CI: Is it easier to add contactless functionality to an
existing payment or bank card, rather than adding payment
functionality to an existing transit card?

CO: “There will be a couple of hurdles. One is that contactless
payments are going to be slower to perform than the TfL [Transport
for London] Oyster card transactions, which are designed to be
completed in 0.2 of a second, whereas contactless payment is
designed to be completed in 0.5-0.7 of a second. So, instead of the
‘tap and go’ scenario, it’s going to be more of a ‘tap and hold’
scenario. That’s a logistical hurdle to overcome.

“In terms of the feasibility, the use of debit and credit cards
across the UK population is far more widespread than usage of the
Oyster card, which is restricted to London at the moment. And
within that, Oyster card usage is restricted itself – for instance,
you can’t use prepaid Oyster cards for national rail services
around London. For me, the best option is for my bank to add that
functionality to my existing bank card.”

CI: Chip and PIN already provides a layer of security for
card transactions, but what safeguards are in place specifically
for transactions between the contactless card and the terminal? Is
there any way that contactless payments can be
compromised?

CO: “Not from what we’ve seen so far. EMV technology has
significantly reduced fraud levels in the UK and so far it hasn’t
been cracked. It’s the magnetic stripe which has been compromised
and the high-profile fraud cases reported in the UK recently have
all been to do with magnetic stripe fraud. In relation specifically
to contactless security, there have been some cases in the US where
people have been afraid of contactless transactions being
compromised between the card and the reader, but with EMV-based
contactless that shouldn’t happen. There are sufficient security
safeguards in place, and the upside is that the issuer bears the
risk.

“Also, there is a limit in place of £10 [$20] that can be taken
with UK EMV contactless transactions, so there is very little
incentive for fraudsters to devote a great deal of time and energy
to cracking contactless.”

CI: Will value-added services such as loyalty programmes
help to spur consumer interest in contactless?

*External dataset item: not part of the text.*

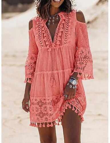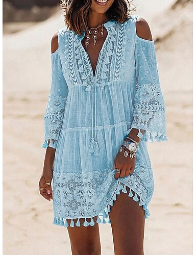 Vestido pequeño blanco para la ducha nupcial en la playa Vestidos para duchas nupciales Vestidos de boda Corte en A Cuello en V Manga larga Asimétrico Chifón Vestidos nupciales con color sólido

CO: “We can look at the example of the US where we have seen
success in contactless purely from a convenience perspective, and
they haven’t needed anything too jazzy to get people on board.
That’s especially the case for young urban consumers who like the
convenience of contactless payments. I would love to see chip cards
be used much more widely and for more applications – that’s been
our mantra from day one.”

CI: What’s next for STS?

CO: “We’re working on around a dozen projects for multinational
retailers. The big drive for these retailers is to have one
consistent infrastructure and architecture on a multinational basis
for both EMV and contactless payments. We’re also heavily involved
with wireless payments infrastructure roll-outs for certain
retailers.

“The other interesting thing we’re working on is a retailer in the
UK with around 900 stores and they’re running all their
applications centrally. What that allows them to do that is that
it’s internet protocol (IP)-enabled, and that’s an area where we
think the banks will head next. Traditionally they’ve rolled out
these very expensive terminals and the biggest cost for banks is in
maintaining these terminals.

“This new project will allow banks to roll out an IP-enabled PIN
pad and use IP networks, have everything centrally hosted, and
allow them to run the software as a service top solution, whereby a
merchant can choose to have various applications, such as loyalty
programmes, instantly switched on at the centrally hosted bank
centre and use the PIN pad to display that application instantly.
It’s quite innovative and banks love the idea of it. There are
around half a dozen banks interested in that scenario at the
moment.”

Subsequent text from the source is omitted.